In the listing below, find the line with "Bolso bandolera mediano" and copy every line from there up to and including the line with "Ingredienti semplici caratterizzano", exactly and without pictures.
Start of RECORDS FOR THIS EXERCISE
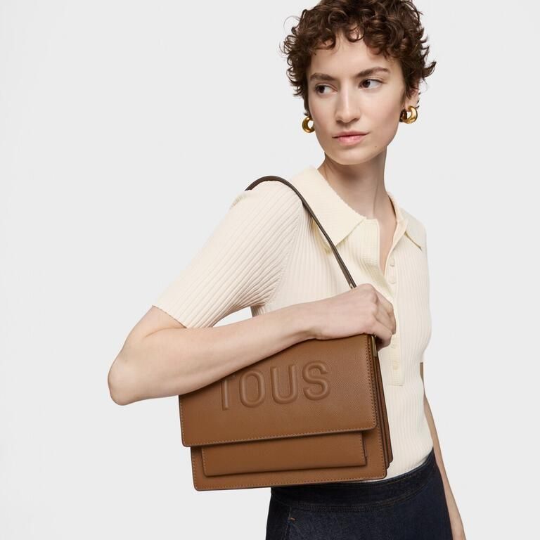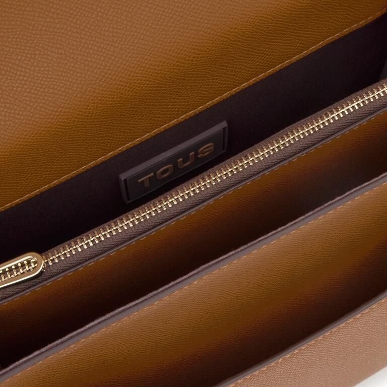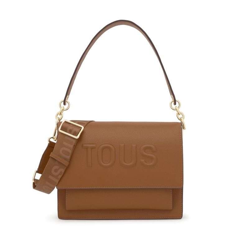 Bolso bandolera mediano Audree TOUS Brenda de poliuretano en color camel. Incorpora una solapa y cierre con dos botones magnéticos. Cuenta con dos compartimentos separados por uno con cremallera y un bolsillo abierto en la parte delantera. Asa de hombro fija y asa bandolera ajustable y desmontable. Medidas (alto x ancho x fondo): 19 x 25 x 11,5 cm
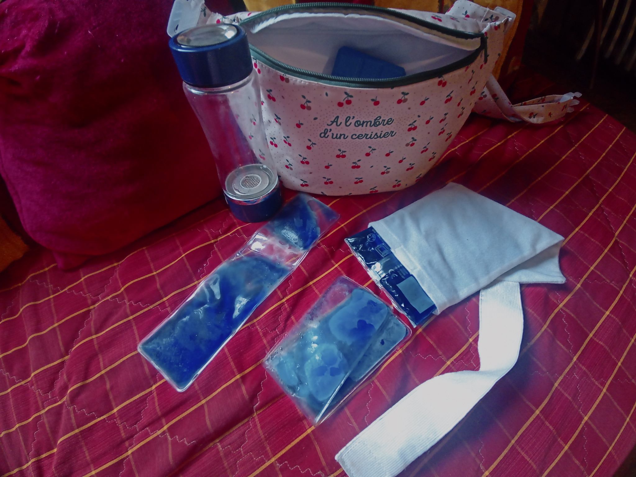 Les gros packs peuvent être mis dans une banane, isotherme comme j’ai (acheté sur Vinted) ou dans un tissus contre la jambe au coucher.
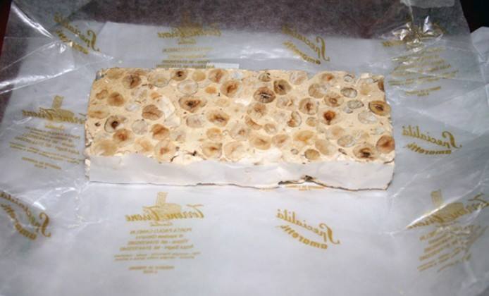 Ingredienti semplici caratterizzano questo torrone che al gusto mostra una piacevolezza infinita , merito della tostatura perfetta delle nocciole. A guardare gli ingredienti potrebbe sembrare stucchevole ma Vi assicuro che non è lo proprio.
End of RECORDS FOR THIS EXERCISE
Start of RECORDS FOR THIS EXERCISE
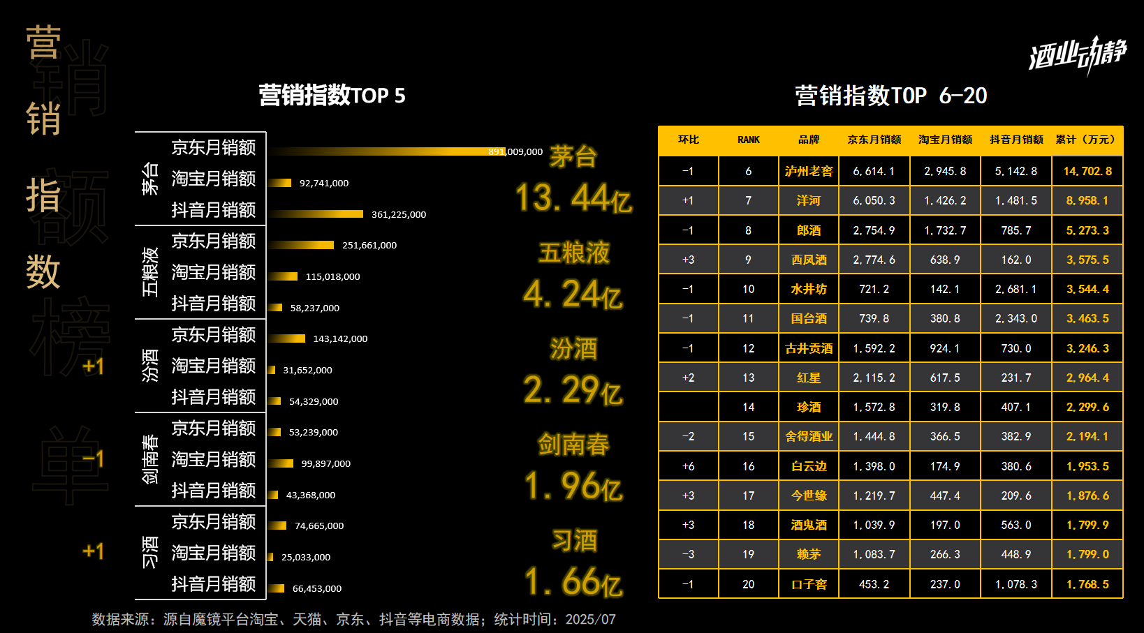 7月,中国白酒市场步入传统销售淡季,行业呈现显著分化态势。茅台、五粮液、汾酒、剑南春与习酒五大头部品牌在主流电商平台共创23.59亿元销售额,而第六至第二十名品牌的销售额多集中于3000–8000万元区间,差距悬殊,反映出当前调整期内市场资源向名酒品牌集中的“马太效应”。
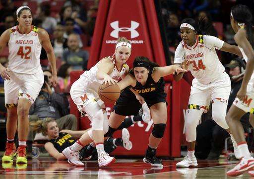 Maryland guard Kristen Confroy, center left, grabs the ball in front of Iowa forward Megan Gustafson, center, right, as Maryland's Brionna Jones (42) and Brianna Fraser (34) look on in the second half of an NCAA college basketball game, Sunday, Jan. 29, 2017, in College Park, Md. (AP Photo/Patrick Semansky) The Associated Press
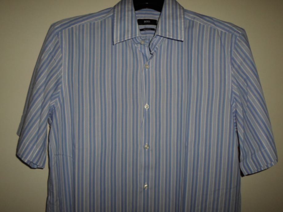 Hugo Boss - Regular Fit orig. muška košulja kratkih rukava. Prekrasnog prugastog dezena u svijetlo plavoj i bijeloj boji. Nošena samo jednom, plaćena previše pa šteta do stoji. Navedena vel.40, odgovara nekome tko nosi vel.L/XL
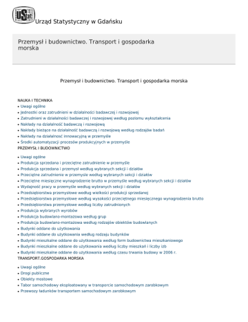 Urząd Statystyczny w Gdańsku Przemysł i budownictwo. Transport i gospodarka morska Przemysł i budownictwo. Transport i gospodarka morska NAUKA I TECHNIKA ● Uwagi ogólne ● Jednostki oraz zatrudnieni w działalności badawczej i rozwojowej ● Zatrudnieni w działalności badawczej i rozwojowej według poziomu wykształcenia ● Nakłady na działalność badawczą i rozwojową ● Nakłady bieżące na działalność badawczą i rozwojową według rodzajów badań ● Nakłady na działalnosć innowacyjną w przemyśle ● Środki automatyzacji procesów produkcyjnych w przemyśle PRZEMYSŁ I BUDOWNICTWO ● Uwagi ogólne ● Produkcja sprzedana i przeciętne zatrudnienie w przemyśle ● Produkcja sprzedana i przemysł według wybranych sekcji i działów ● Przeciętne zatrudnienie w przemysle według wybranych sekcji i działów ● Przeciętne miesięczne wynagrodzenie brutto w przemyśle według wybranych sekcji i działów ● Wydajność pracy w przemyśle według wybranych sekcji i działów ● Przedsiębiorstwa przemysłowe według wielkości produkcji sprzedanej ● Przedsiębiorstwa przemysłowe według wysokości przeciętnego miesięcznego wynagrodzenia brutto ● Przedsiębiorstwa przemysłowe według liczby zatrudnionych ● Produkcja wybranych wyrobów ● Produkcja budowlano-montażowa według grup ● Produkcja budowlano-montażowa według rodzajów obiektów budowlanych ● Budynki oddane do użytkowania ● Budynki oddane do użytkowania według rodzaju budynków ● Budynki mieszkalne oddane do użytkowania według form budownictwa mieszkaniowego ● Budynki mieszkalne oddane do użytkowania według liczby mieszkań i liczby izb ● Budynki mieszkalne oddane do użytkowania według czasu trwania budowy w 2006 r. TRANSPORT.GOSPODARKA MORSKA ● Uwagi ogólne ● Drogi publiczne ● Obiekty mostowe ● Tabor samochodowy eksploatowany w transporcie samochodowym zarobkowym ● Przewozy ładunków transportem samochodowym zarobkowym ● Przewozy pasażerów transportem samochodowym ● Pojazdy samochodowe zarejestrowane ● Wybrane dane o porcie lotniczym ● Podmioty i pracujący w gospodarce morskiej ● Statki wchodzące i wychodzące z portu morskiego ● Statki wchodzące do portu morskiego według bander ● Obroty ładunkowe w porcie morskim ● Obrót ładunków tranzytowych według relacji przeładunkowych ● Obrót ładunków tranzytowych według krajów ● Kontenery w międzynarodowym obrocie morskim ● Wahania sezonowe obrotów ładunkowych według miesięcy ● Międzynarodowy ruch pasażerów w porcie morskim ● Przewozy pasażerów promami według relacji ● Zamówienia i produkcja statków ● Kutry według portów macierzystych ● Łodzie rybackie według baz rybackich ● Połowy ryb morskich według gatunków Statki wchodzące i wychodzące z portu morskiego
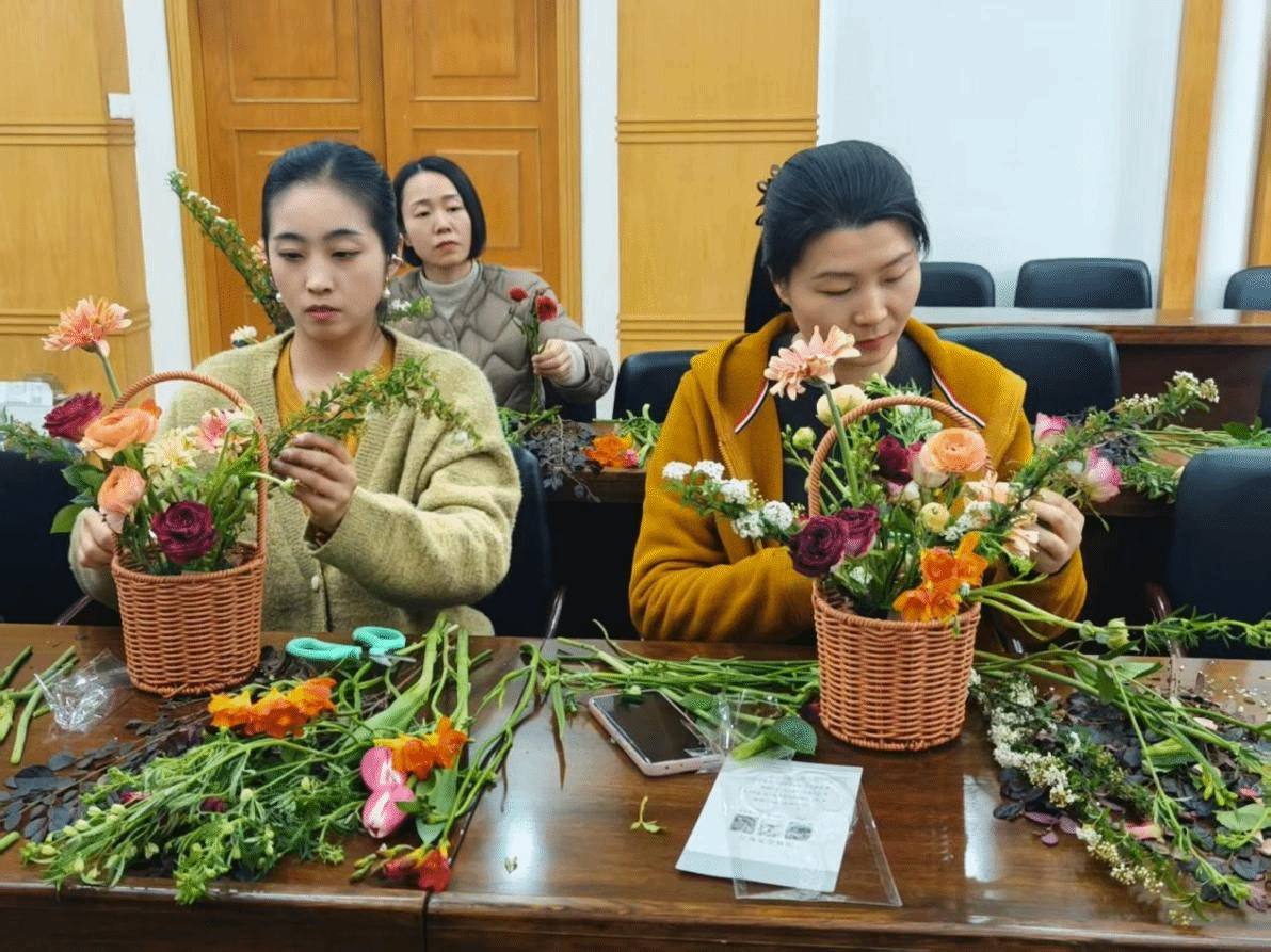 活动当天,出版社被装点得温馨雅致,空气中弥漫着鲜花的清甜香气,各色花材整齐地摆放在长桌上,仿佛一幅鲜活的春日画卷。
End of RECORDS FOR THIS EXERCISE
Start of RECORDS FOR THIS EXERCISE
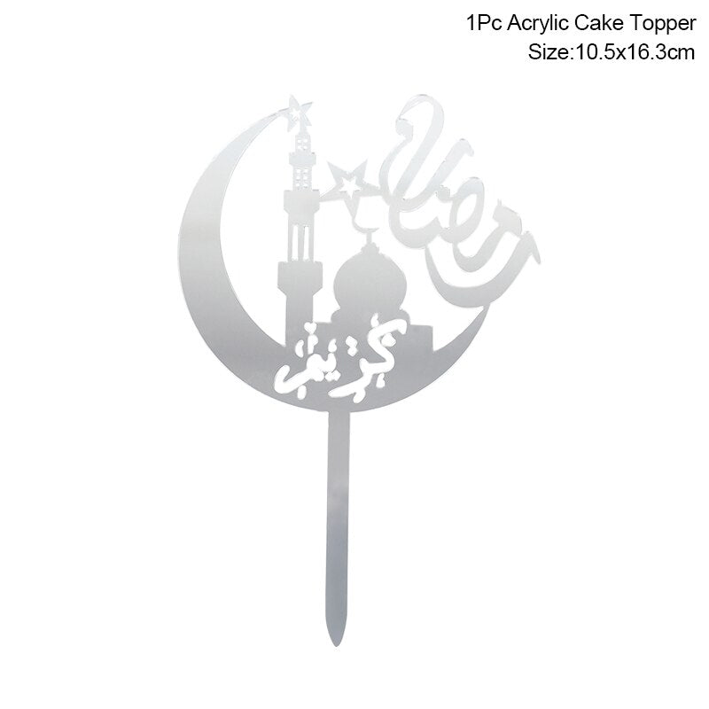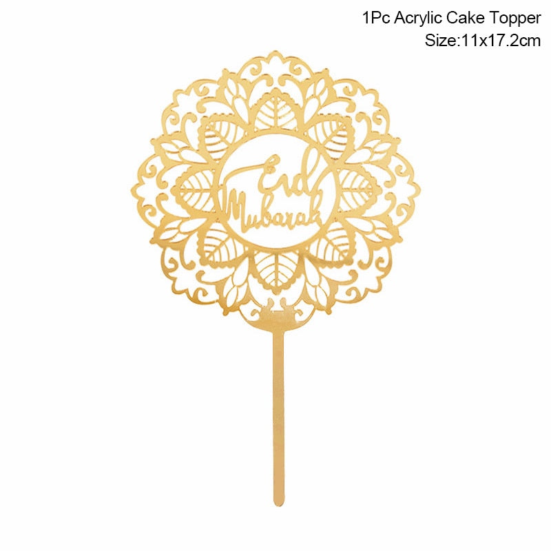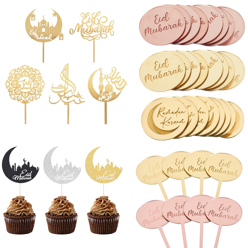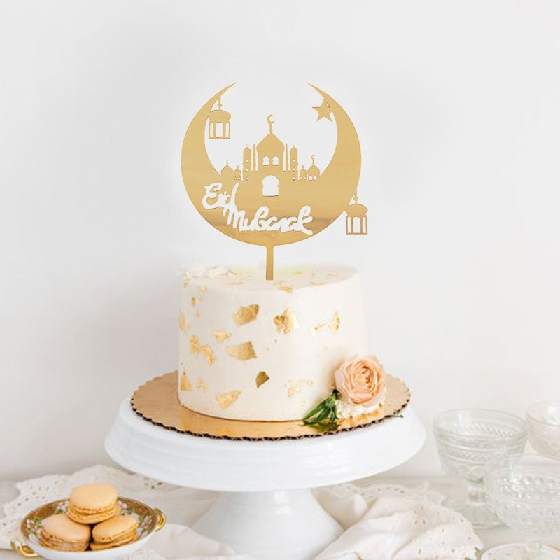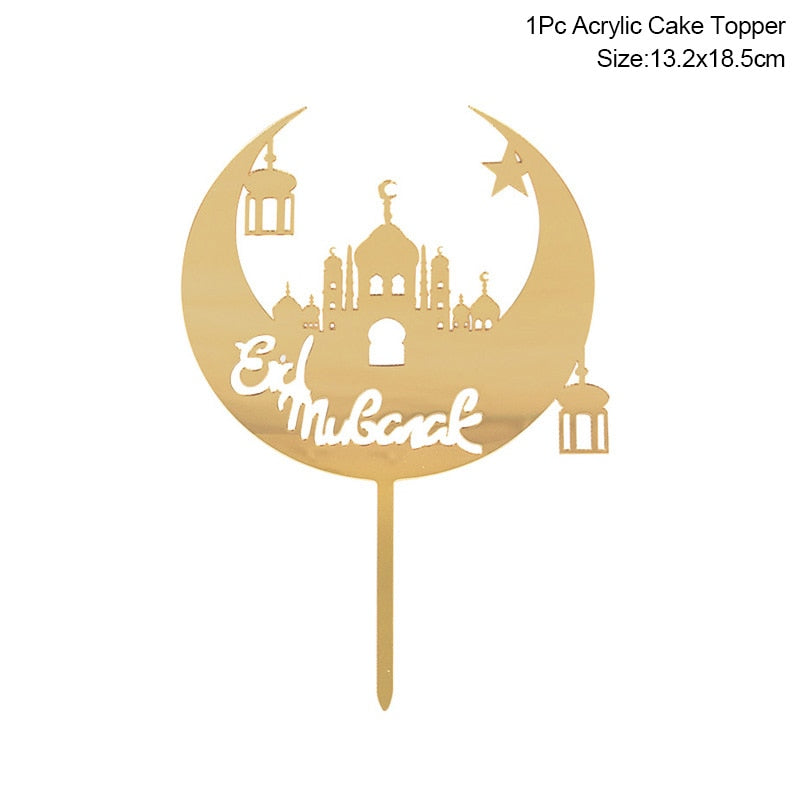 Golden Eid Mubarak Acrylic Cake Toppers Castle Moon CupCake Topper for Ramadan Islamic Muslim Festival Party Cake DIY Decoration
End of RECORDS FOR THIS EXERCISE
# REPLY
 Bolso bandolera mediano Audree TOUS Brenda de poliuretano en color camel. Incorpora una solapa y cierre con dos botones magnéticos. Cuenta con dos compartimentos separados por uno con cremallera y un bolsillo abierto en la parte delantera. Asa de hombro fija y asa bandolera ajustable y desmontable. Medidas (alto x ancho x fondo): 19 x 25 x 11,5 cm
 Les gros packs peuvent être mis dans une banane, isotherme comme j’ai (acheté sur Vinted) ou dans un tissus contre la jambe au coucher.
 Ingredienti semplici caratterizzano questo torrone che al gusto mostra una piacevolezza infinita , merito della tostatura perfetta delle nocciole. A guardare gli ingredienti potrebbe sembrare stucchevole ma Vi assicuro che non è lo proprio.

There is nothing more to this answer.